Information shown Start Marker

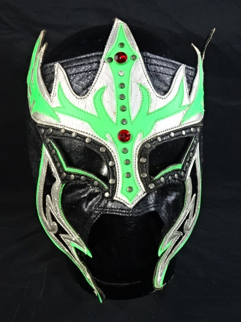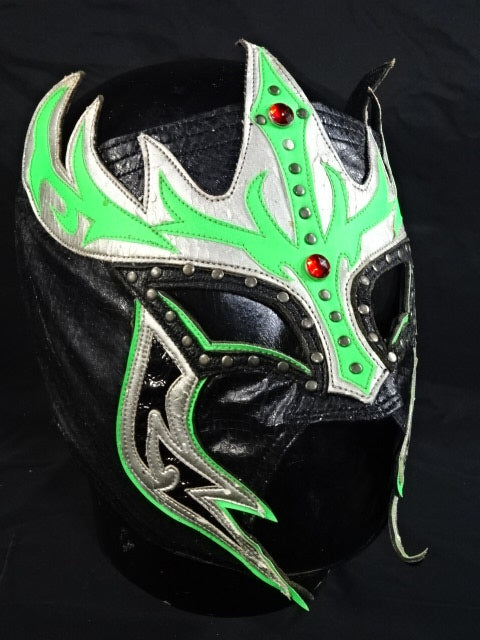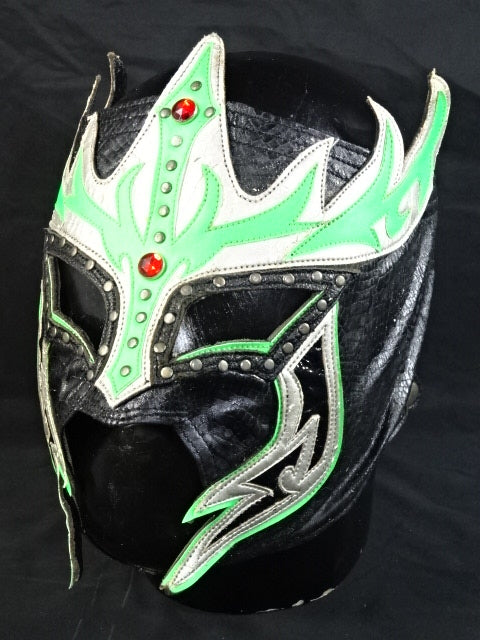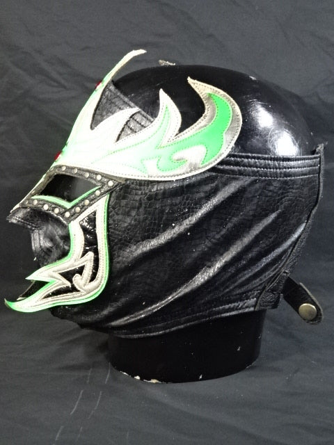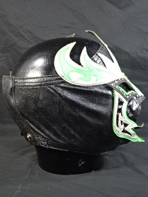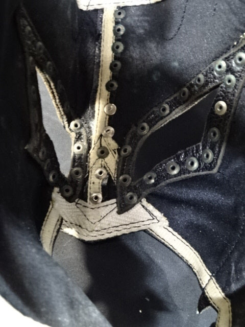 本人使用サイン入り 黒レオタード生地 黒革フチ&銀フチ&黄緑フチ
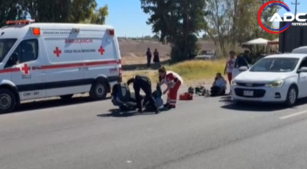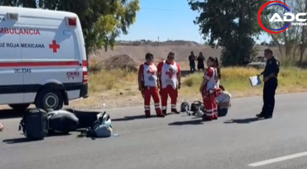 Cd. Delicias, Chih.- Una mujer resultó con lesiones leves luego de derrapar y caer de su motocicleta mientras circulaba sobre la carretera Delicias–Meoqui.
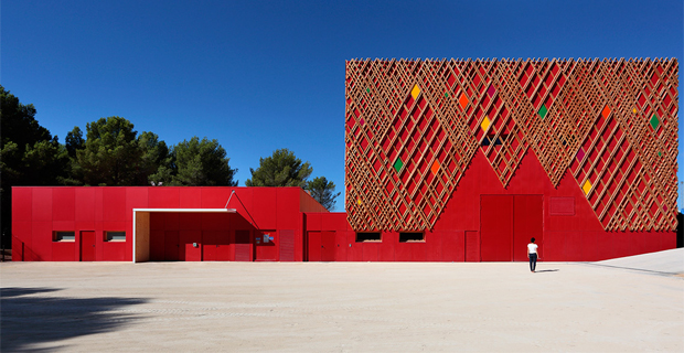 L’edificio si trova nel cuore di un bosco di pini, nel quartiere Domaine d’O di Montpellier, e accoglie i visitatori con un prospetto vivace e colorato che ricorda la maschera di Arlecchino. La struttura rosso fuoco è infatti rivestita da una griglia di legno le cui assi sono disposte in modo obliquo a ricordare il tessuto della famosa maschera.
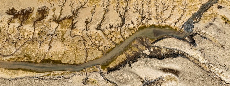 This aerial photo taken on July 9, 2022 shows the riverbed of the Xiaolangdi Reservoir on the Yellow River in Jiyuan City, central China's Henan Province. (Photo by Miao Qiunao/Xinhua)
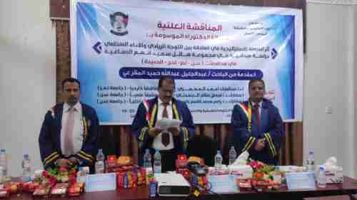 *الدكتوراه للباحث عبدالجليل المقرعي من كلية العلوم الاجتماعية بجامعة عدن* نال الباحث عبدالجليل عبدالله حميد المقرعي، اليوم السبت، درجة الدكتوراه، من قسم إدارة الأعمال ب...
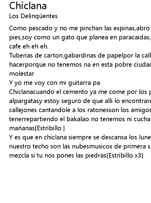 | Chiclanacuando el cemento ya me come por los piesbusco animales con chaqueta y alpargatasy estoy seguro de que alli lo encontrare eh eh ehvan por los callejones cantandole a los ratonesson los amigos que siempre yo quize tenerrepartiendo el bakalao no tenemos ni cucharame ducho, en la playa toas las ma anas Estribillo: | |
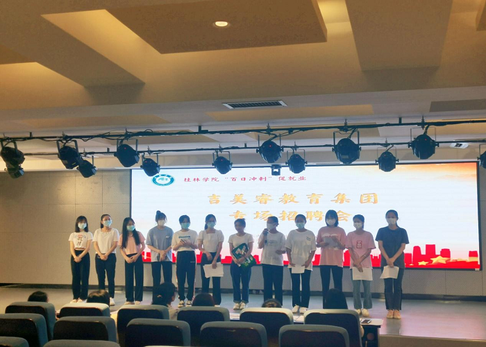 为统筹推进毕业生就业工作,积极助力毕业生更高质量就业。5月29日,由学校就业创业指导中心主办,教育与音乐学院、体育与健康学院承办的“桂林学院“百日冲刺”促就业——吉美睿教育集团专场招聘会”在至善讲堂举行,吉美睿教育集团旗下(含加盟)桂林、柳州、南宁地区共9所幼儿园参与此次专场招聘,为我校学前教育专业、体育教育专业毕业生、实习生提供80多个就业实习岗位,我校共有200余名2020届、2023届毕业生参加宣讲面试。
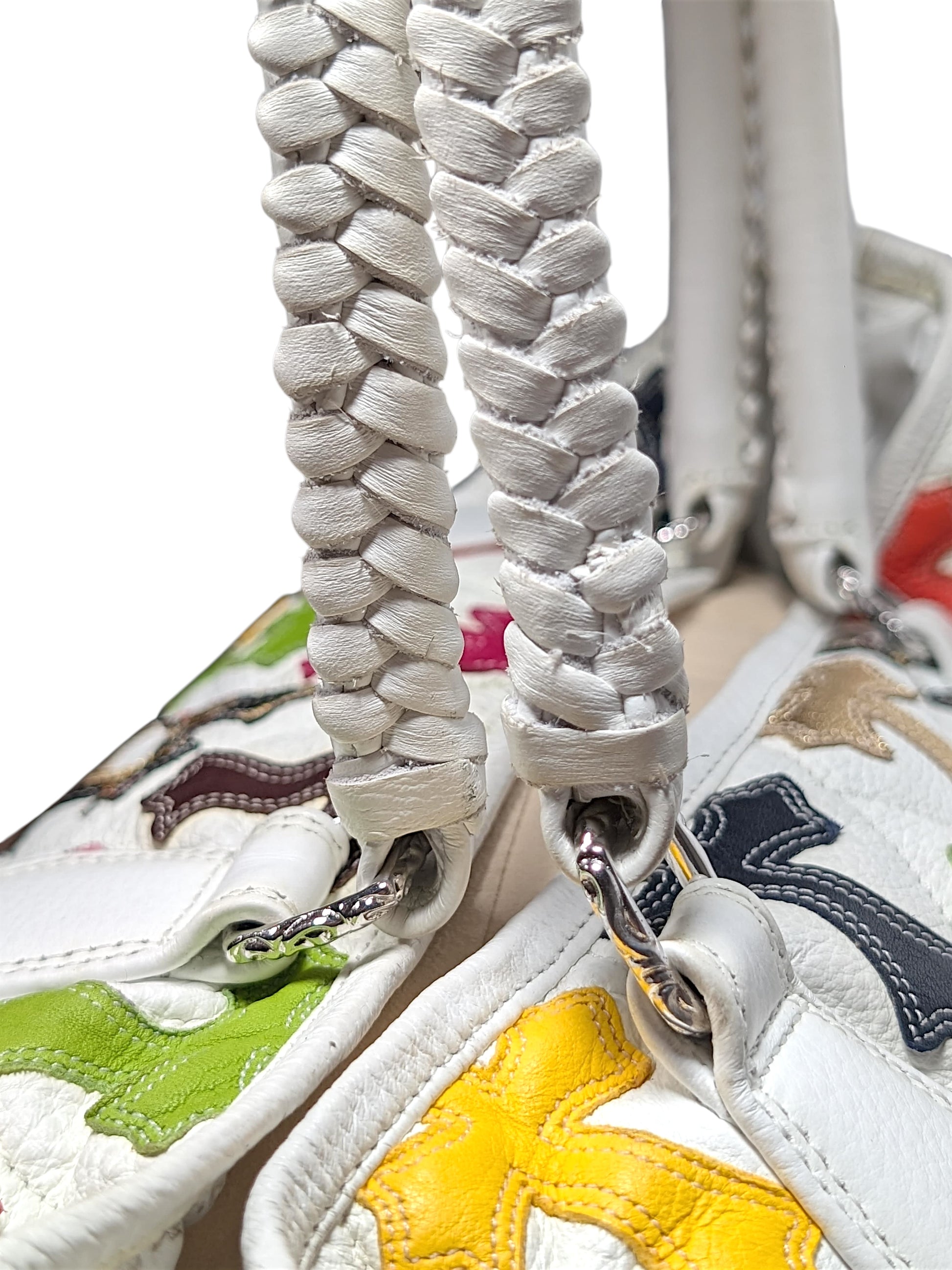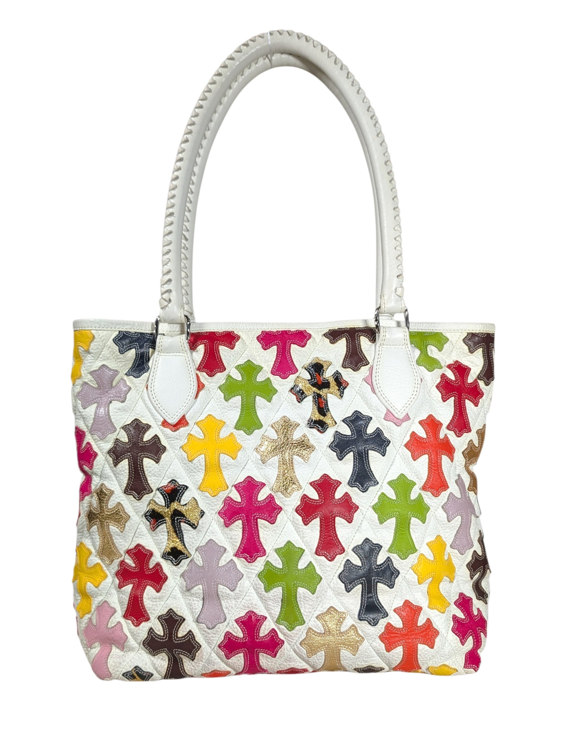 Quilted Leather Multicolor Cross Patch FS Tote Bag White

Information shown End Marker

_Task goal_: Images are to be skipped, and each line above is to be returned exactly.

_Solution to this task_:
 本人使用サイン入り 黒レオタード生地 黒革フチ&銀フチ&黄緑フチ
 Cd. Delicias, Chih.- Una mujer resultó con lesiones leves luego de derrapar y caer de su motocicleta mientras circulaba sobre la carretera Delicias–Meoqui.
 L’edificio si trova nel cuore di un bosco di pini, nel quartiere Domaine d’O di Montpellier, e accoglie i visitatori con un prospetto vivace e colorato che ricorda la maschera di Arlecchino. La struttura rosso fuoco è infatti rivestita da una griglia di legno le cui assi sono disposte in modo obliquo a ricordare il tessuto della famosa maschera.
 This aerial photo taken on July 9, 2022 shows the riverbed of the Xiaolangdi Reservoir on the Yellow River in Jiyuan City, central China's Henan Province. (Photo by Miao Qiunao/Xinhua)
 *الدكتوراه للباحث عبدالجليل المقرعي من كلية العلوم الاجتماعية بجامعة عدن* نال الباحث عبدالجليل عبدالله حميد المقرعي، اليوم السبت، درجة الدكتوراه، من قسم إدارة الأعمال ب...
 | Chiclanacuando el cemento ya me come por los piesbusco animales con chaqueta y alpargatasy estoy seguro de que alli lo encontrare eh eh ehvan por los callejones cantandole a los ratonesson los amigos que siempre yo quize tenerrepartiendo el bakalao no tenemos ni cucharame ducho, en la playa toas las ma anas Estribillo: | |
 为统筹推进毕业生就业工作,积极助力毕业生更高质量就业。5月29日,由学校就业创业指导中心主办,教育与音乐学院、体育与健康学院承办的“桂林学院“百日冲刺”促就业——吉美睿教育集团专场招聘会”在至善讲堂举行,吉美睿教育集团旗下(含加盟)桂林、柳州、南宁地区共9所幼儿园参与此次专场招聘,为我校学前教育专业、体育教育专业毕业生、实习生提供80多个就业实习岗位,我校共有200余名2020届、2023届毕业生参加宣讲面试。
 Quilted Leather Multicolor Cross Patch FS Tote Bag White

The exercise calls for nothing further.